9.23.2008

JUST ANOTHER TUESDAY... AGAIN.

gosh... i dunno what to write about today. having my morning coffee while jakob lies all over me. i'm really interested in moving out of my apartment, but i think we've been through all this before. since i am wanting to move, it's helped with my enjoyment of where i am now. not taking corners and floors and skylights for granted, i guess. odd how that is.

still looking for an acceptable home for apple. however, it seems i love her too much to find any other home acceptable - that poses a problem.

let's see... i have far too many bills. the diner is not in season and the people need to get hungry - really quick. in fact, i'm considering - CONSIDERING - a job closer to home. if i do NOT move to maine in january, then i will for sure get the job in the city i am living in - makes sense, no?

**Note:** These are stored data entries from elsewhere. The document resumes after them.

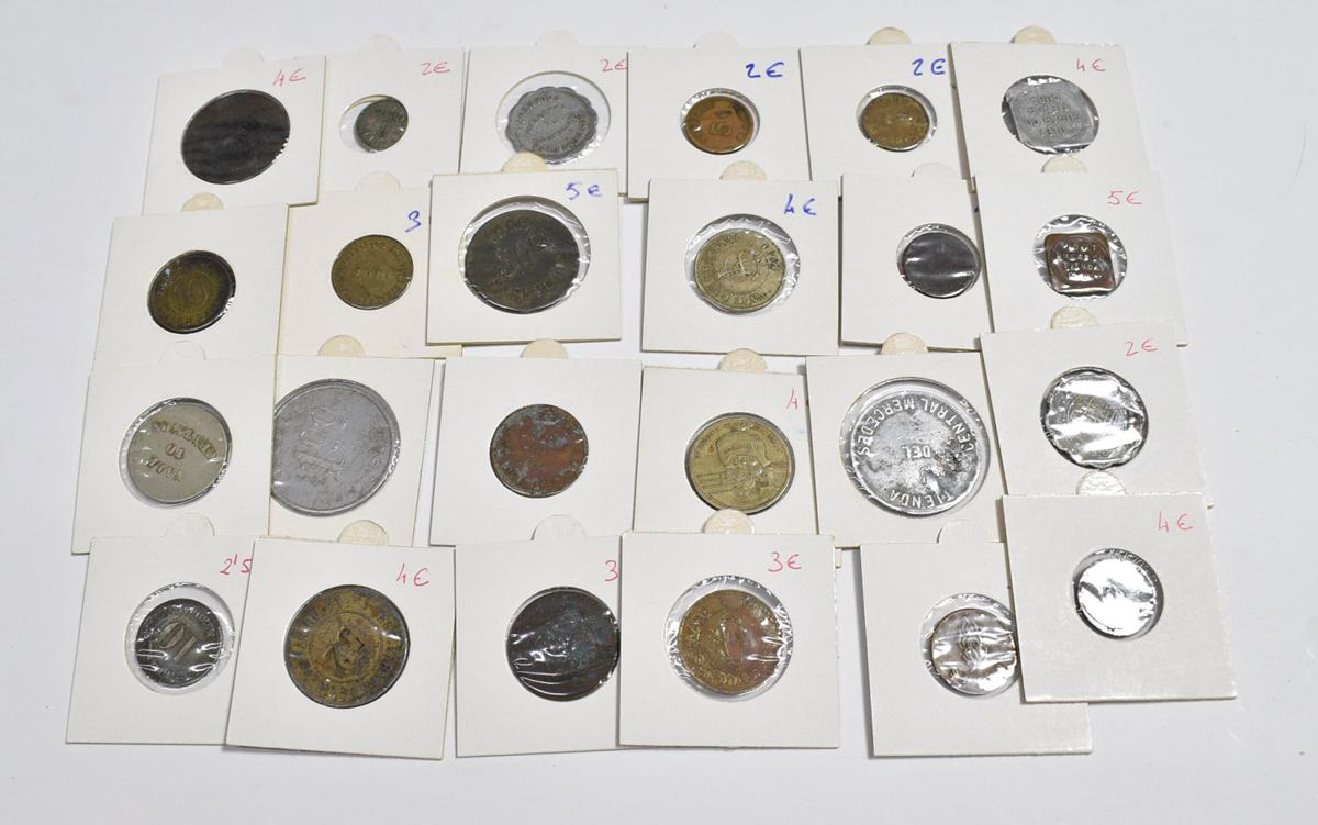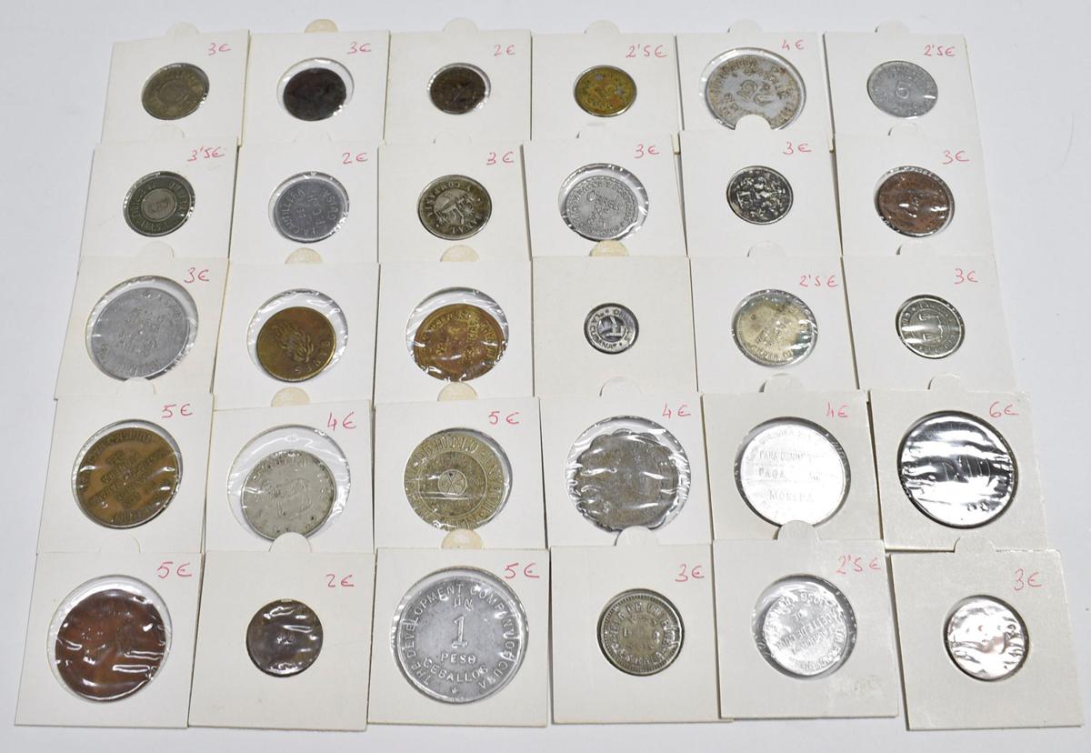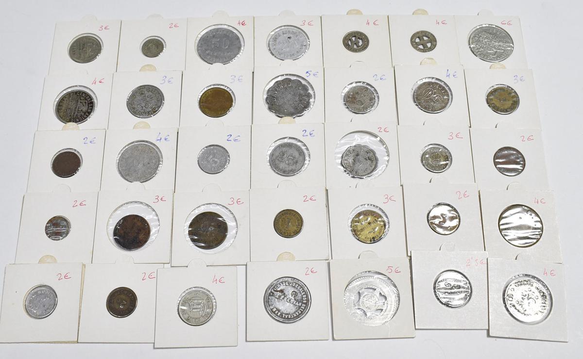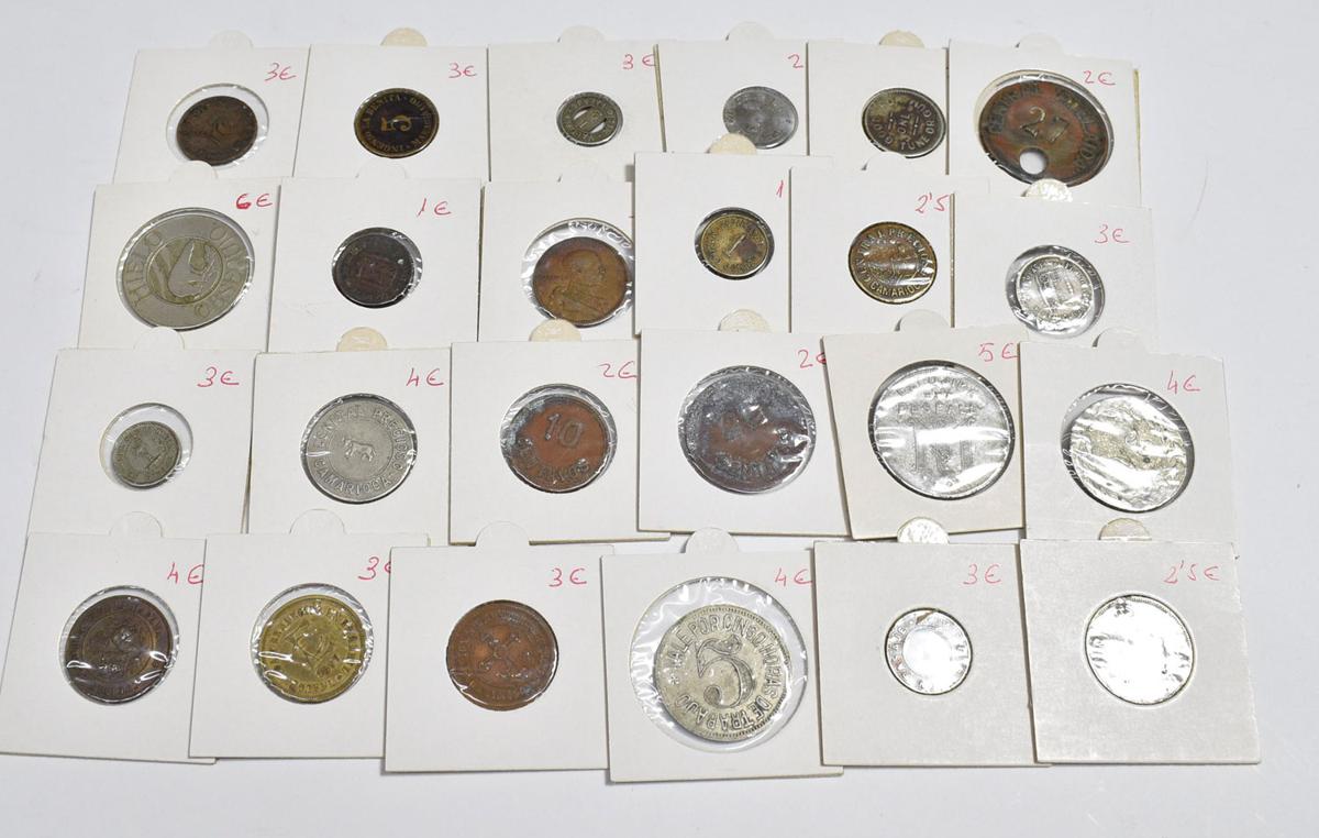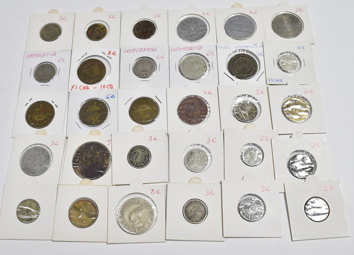 FICHAS Y VALES. Interesante conjunto formado por más de 140 piezas con una enorme variedad de fichas en su gran mayoría de Cooperativas, vales de panaderías, suministros y restaurantes del siglo XX aunque también contiene ejemplares del siglo XIX. Mayoría de piezas de Cuba y Cataluña. Diferentes estados de conservación. A EXAMINAR.
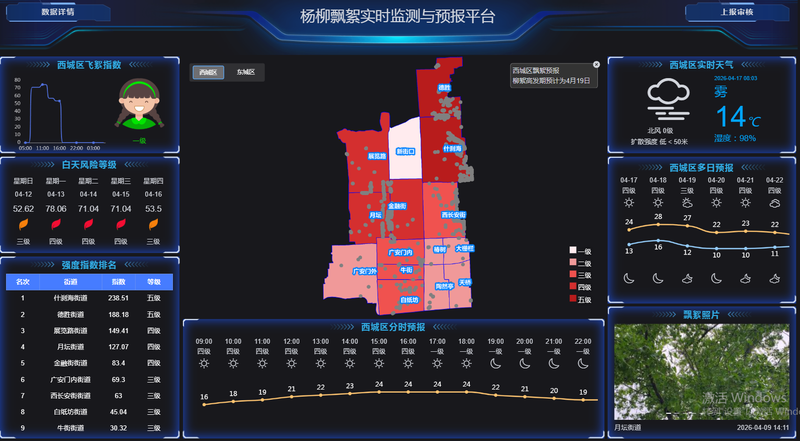 今年,北京首次搭建杨柳飞絮实时监测与预报平台,深度融合气象大数据与地面核查网络,目前已实现东西城等核心区域的街道级精准预报。
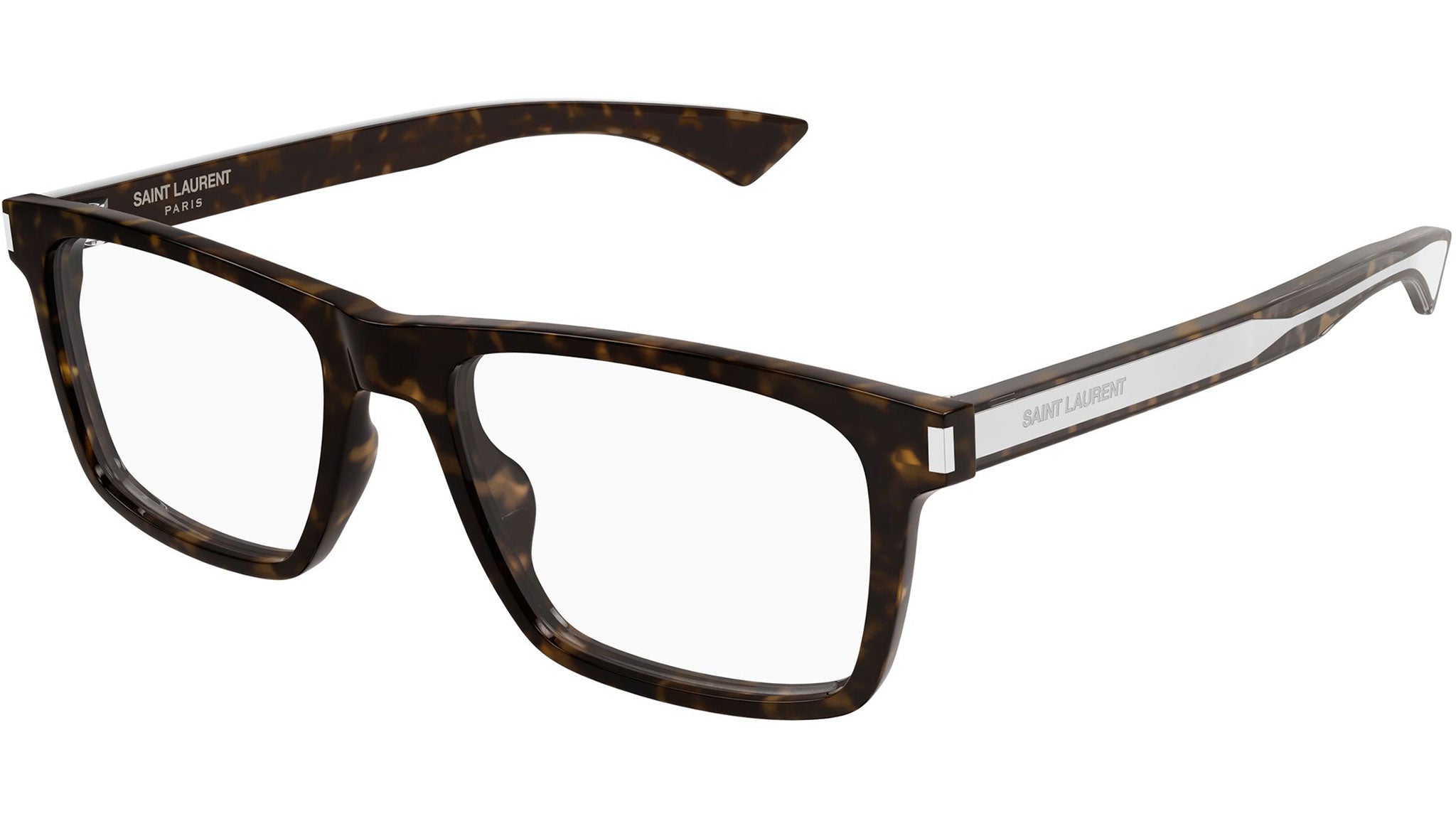 Occhiali da vista Saint Laurent SL 882 007 uomo con montatura rettangolare in acetato riciclato avana scuro lucido e lenti demo. Linea: Corner Angle. Codice modello: SL 882. Codice colore: 007. Made in Japan. Rivenditore autorizzato Saint Laurent online. Gli occhiali vengono consegnati con custodia e accessori originali e sono coperti dalla garanzia ufficiale di 12 mesi del produttore.
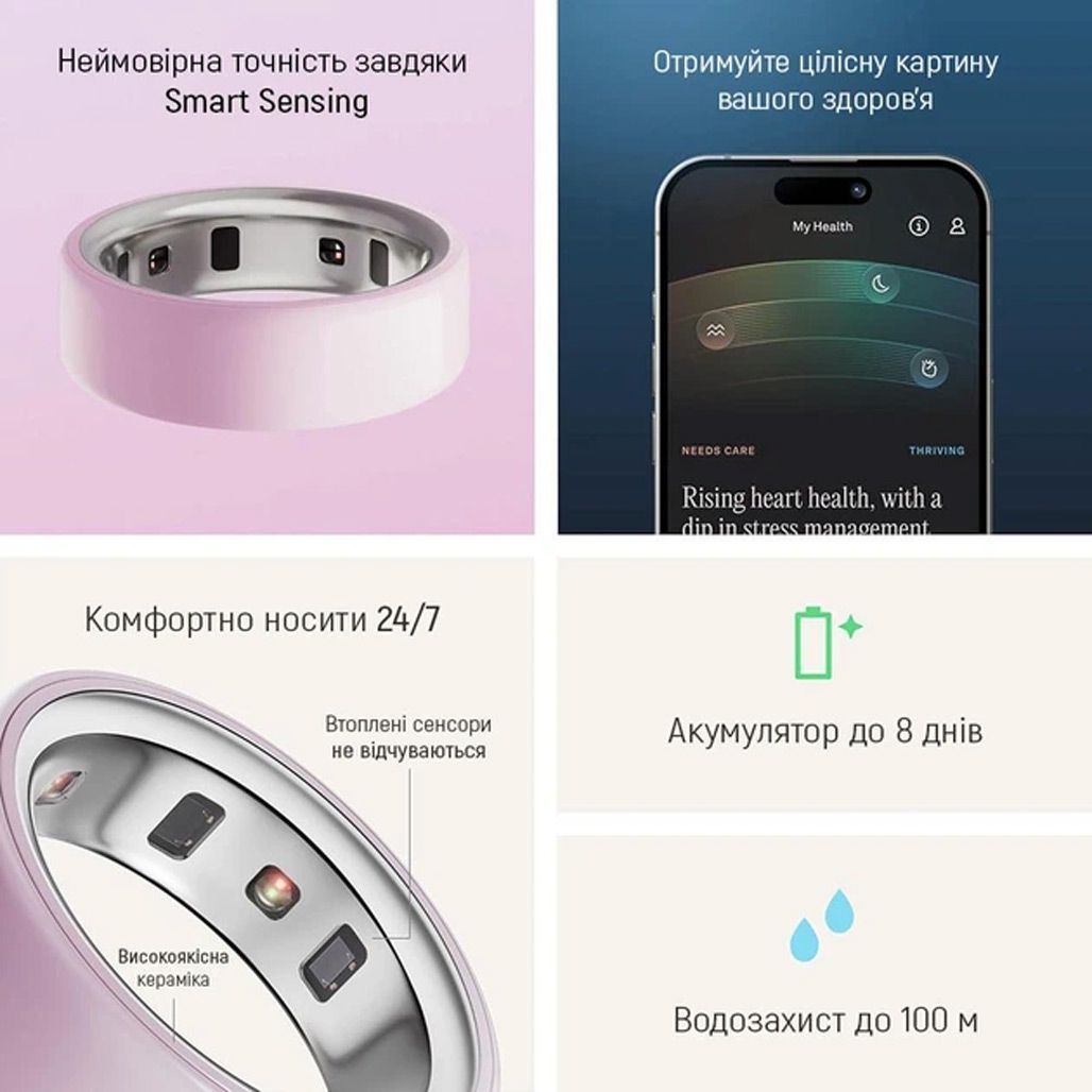 | Комплектація | Смарт-кільце • зарядний пристрій • кабель USB-C • керамічна полірувальна насадка • документація |

tomorrow is emissions/registration day for my car.

i've decided to come up with a plan to make positive change on my life. this comes after nights of waking up in a panic almost every night for the last 3 months. so many things need to change. smoking. for one. god, it's really really time to stop. i don't know that i can do it, but i think i owe myself at least a really damn good effort. (ha... i think i wake up in panic's now!)

i've concluded that i'm going to have to seek help. i don't think i can quit cold turkey. drugs welcome.

i think one of my next blogs will be about me searching for and finding information and help for quitting.

no promises.

it seems as though the coffee is almost gone and it's time to hit the highway once again.

may we all be safe throughout our day!